These Diagrams Reveal How To Negotiate With People Around The World


Published by GUS LUBIN for Business Insider
So you’ve got a meeting in France. Knowing how to speak French will be helpful, but it’s also valuable to understand the French communication patterns that will define your meeting.

British linguist Richard D. Lewis charted communication patterns as well as leadership styles and cultural identities in his book, “When Cultures Collide,” now in a 2005 third edition. His organization offers classes in cross-cultural communication for big clients ranging from Unilever to BMW.

In support of cross-cultural studies, he writes: “By focusing on the cultural roots of national behavior, both in society and business, we can foresee and calculate with a surprising degree of accuracy how others will react to our plans for them, and we can make certain assumptions as to how they will approach us. A working knowledge of the basic traits of other cultures (as well as our own) will minimize unpleasant surprises (culture shock), give us insights in advance, and enable us to interact successfully with nationalities with whom we previously had difficulty.”

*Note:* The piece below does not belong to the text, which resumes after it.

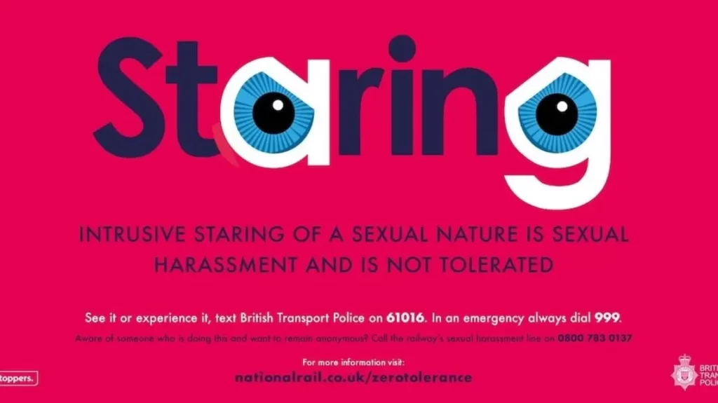 فيما ظهرت 7 ملصقات جديدة في محطات الميترو، تنبه من خطورة “التحرّش”، حتى عبر “التحديق”. إذ تضمن أحد الملصقات العبارة التالية “التحديق ذو الطبيعة الجنسية، هو تحرش جنسي لا يمكن التسامح معه”.

Although cultural generalizations can be overly reductive, Lewis, who speaks ten languages, insists it can be done fairly, writing: “Determining national characteristics is treading a minefield of inaccurate assessment and surprising exception. There is, however, such a thing as a national norm.”

When meeting with French, you should be prepared for a vigorous logical debate, according to Lewis.

When meeting with Americans, you should be prepared for them to get right down to business, get upset when there’s a disagreement, and expect one or both sides to make concessions.